Delafloxacin approval / Good example of a modern label

Dear All:

FDA’s approval of delafloxacin (BAXDELA) was announced on 20 June 2017 and the label can be found here. In brief, delafloxacin is a fluoroquinolone with coverage for MRSA as well as key Gram-negative pathogens.

The label is attached is worth reading as a good example of a modern label – reading closely will give you a feel for the breadth and depth of material that is required above and beyond the pivotal (Phase 3) program. Some reading notes are found below my signature (and with thanks to regulatory gurus Krissy Haeckl and Uzma Anwar for helping me proof same).
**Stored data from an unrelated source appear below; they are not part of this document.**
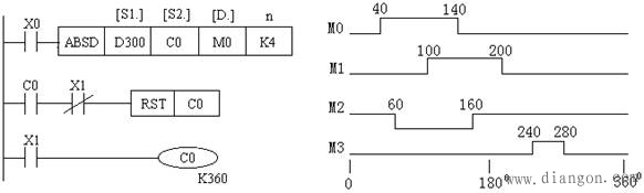 绝对值式凸轮顺控指令ABSD是用来产生一组对应于计数值在3600范围内变化的输出波形,输出点的个数由n决定,如图1a所示。图中n为4,表明[D.]由M0~M3共4点输出。预先通过MOV指令将对应的数据写入D300~D307中,开通点数据写入偶数元件,关断点数据放入奇数元件,如表1所示。当执行条件X0由OFF变ON时,M0~M3将得到如图1b所示的波形,通过改变D300~D307的数据可改变波形。若X0为OFF,则各输出点状态不变。这一指令只能使用一次。
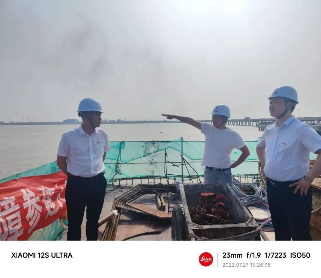 在深入基層一線現(xiàn)場,慰問組觀摩了濱海港區(qū)U型港池項目施工現(xiàn)場、射陽港區(qū)3.5萬噸航道疏浚工程及大豐港區(qū)工作船安保設(shè)施工程等項目現(xiàn)場,每到一處都仔細(xì)查閱施工時間記錄及防暑降溫物資發(fā)放登記表,確保每個工人都能合理安排施工作業(yè)時間,及時領(lǐng)取到防暑降溫物資。慰問組還檢查了現(xiàn)場施工環(huán)境、疫情防控及施工日志登記簿,詳細(xì)了解各項目施工及防疫工作實施情況。
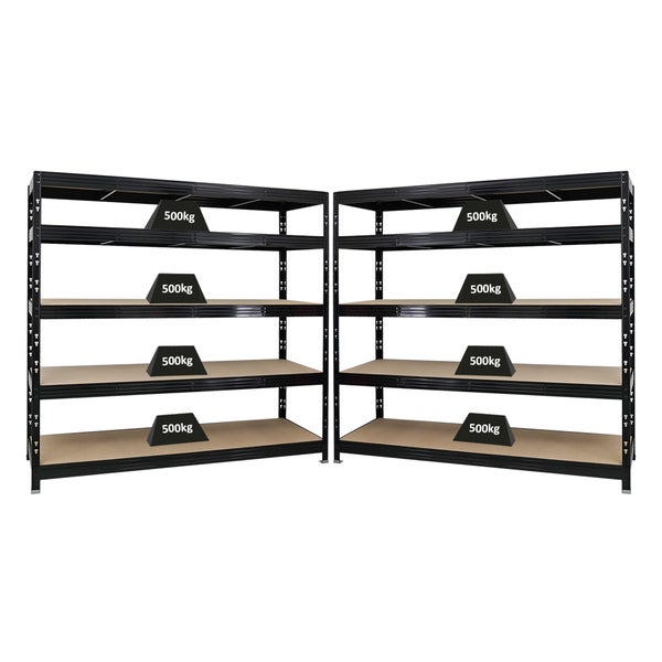 PROREGAL Mega Deal 2x Profi Schwerlastregal Rhino HxBxT 180 x 200 x 60 cm 5 Spanplatten-Ebenen 8mm Fachlast 500 kg Schwarz

Congratulations to Eugene Sun and his team at Melinta on bringing this one to fruition!

Best wishes,


John H. Rex, MD | Chief Medical Officer, F2G Ltd. | Chief Strategy Officer, CARB-X | Expert-in-Residence, Wellcome Trust
Follow me on Twitter: @JohnRex_NewAbx

Reading the BAXDELA label – a brief tour

  1. Start at the bottom of page 18 in Section 14, Clinical Studies
    • There were two identical pivotal trials of dela vs. vancomycin + aztreonam. One of the trials used IV therapy throughout and one switched from IV to PO delafloxacin after 6 doses (3 days) of delafloxacin.
    • Success is reported at two time points and assessed in two different ways.
    • First, Table 7 reports reduction in peri-infection erythema at 48-72h by digital planimetry in an ITT (all randomized) analysis. This early endpoint is sensitive measure of drug effect that is known to all physicians … you really can watch the erythema begin to recede. The importance of this endpoint is that it validates the non-inferiority trial. The patient is not cured at this point, but detailed review of prior responses has shown that there is a strong treatment effect at this point in time.
    • Second, Table 8 then shows overall clinical judgment of success at 14 days, an endpoint that will feel more intuitively relevant. This endpoint is the one most important to the patient (got better and stayed better), but it is not the primary endpoint due to its reliance on a subjective decision by the physician. This analysis is done both for the ITT population (all randomized) and a CE analysis (effectively, all who adhered closely to the protocol).
    • All 6 of these endpoints show non-inferiority within a lower bound of -10%
    • Look also at Table 9: They have a good collection of Gram-positive bacteria (both MSSA and MRSA) as well ≥ 10 infections due to each of several key Gram-negatives. The number of ≥10 organisms is not written into guidance anywhere but is a typical threshold.
  2. Now go to Page 1 of the label
    1. First, you’ll see a boxed warning. This is class labeling for all the fluoroquinolones and is now going to be standard for this class. There was an AdComm on the adverse events associated with FQs on 5 Nov 2015.
    2. Then, look at Indications and Usage. Delafloxacin has a standard indication for ABSSI: “BAXDELA is a fluoroquinolone antibacterial indicated in adults for the treatment of acute bacterial skin and skin structure infection (ABSSSI) caused by designated susceptible bacteria.”
    3. The unmet need language from the Unmet Need Guidance (“As only limited clinical safety and efficacy data for NEWDRUG are currently available, reserve NEWDRUG for use in patients who have limited or no alternative treatment options.”) does NOT appear as dela has two adequate and well-controlled trials supporting this indication.
    4. The second bit about “To reduce the development of drug-resistant bacteria…” is standard boilerplate.
  3. Now go to bottom page 2/top of Page 3
    1. Here in Section 1 (“Indications and Usage”) we find the fully expanded version of the approved indication.
    2. This version also shows the list of bacterial species for which adequate data was produced to show activity of delafloxacin … this matches Table 9.
    3. While looking at that list of species, you should also look at Section 12.4 (“Microbiology”) where you’ll again see that list of species. You’ll also see the so-called “List 2” of other bacteria which look like they should be treatable because their MIC looks reasonable but where there is little or no clinical experience.
  4. All the sections (1-14) are consistently structured in all FDA labels
    1. I’ve above discussed Sections 1, 14, and part of 12.
    2. If you’ve not looked at labels before, the material in Section 2 to 13 is worth scanning. To my eye, the text in these sections is pretty typical.
    3. Note the page space devoted to clinical pharmacology (presentation, dosing, PK, drug-drug interactions, special populations). This label is a good example of why these materials are typically about half the label.